In general, Section 954(d)(3) defines related person for purposes of the foreign base company income rules of Section 954, in addition to other provisions which define the term by reference to the paragraph. A person is related with respect to a CFC if the person controls or is controlled by a CFC. In this context, control means greater than 50% owned. To determine ownership the statute applies rules substantially similar to the constructive ownership rules of Section 958(b), which in turn applies Section 318 with some modifications.
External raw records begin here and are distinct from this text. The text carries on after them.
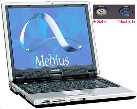 2003年9月,Sharp发布了世界上第一款可以显示3D图像而不需要3D眼镜的笔记本Mebius PC-RD3D。通过“Parallax Barrier”技术,在3D模式下他将产生左右眼不同的效果从而达到立体效果。这款笔记本的配置在当时也相当的高,不过并非迅驰平台,采用Mobile P4 2.8G处理器,512MB内存,60GB硬盘Geforce4 440Go显卡以及DVD光驱,LCD为15寸XGA(1024 X 768)。整体重量为4.6公斤,怎么说都是庞然大物。它的推出从另一个角度来说,将笔记本的视觉体验上升到了从未有的体验。遗憾的是,它的推出并没有受到市场的肯定。
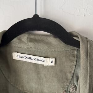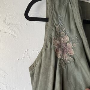 Standard Grace Vest Womens Medium Green Sleeveless Waterfall Drape Floral Embroidered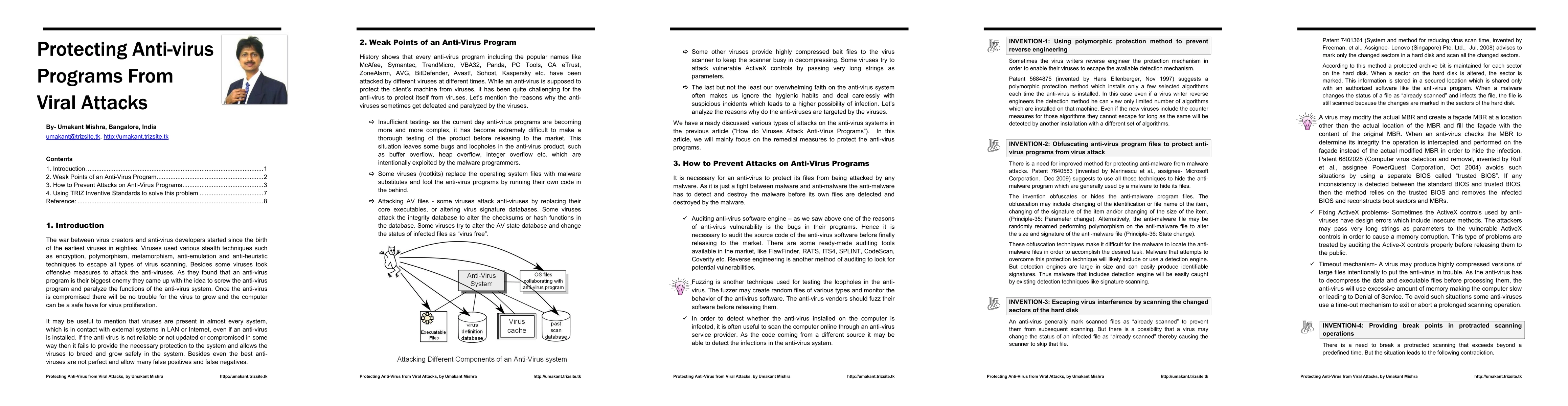 This paper explores strategies to protect anti-virus programs from viral attacks, emphasizing the need for proactive detection and destruction of malware before it can compromise the anti-virus itself. It discusses the use of TRIZ Inventive Standards to mitigate the harmful effects of viruses on anti-virus software.

The proposed regulations limit the scope of attribution for purposes of applying the Section 954(d)(3) related party rules. As a result of this limitation, the downward attribution rules of Section 318(a)(3) do not apply in determining if a person is a related person under Section 954. This change is applicable for tax years of CFCs ending on or after the date the final regulations are published. The proposed regulations also include anti-abuse rules limiting option attribution under Section 318(a)(4). The rules adopted prior guidance provided in Notice 2007-9. The rules generally look to limit attribution via options where taxpayers could effectively elect related person status with certain structured option arrangements.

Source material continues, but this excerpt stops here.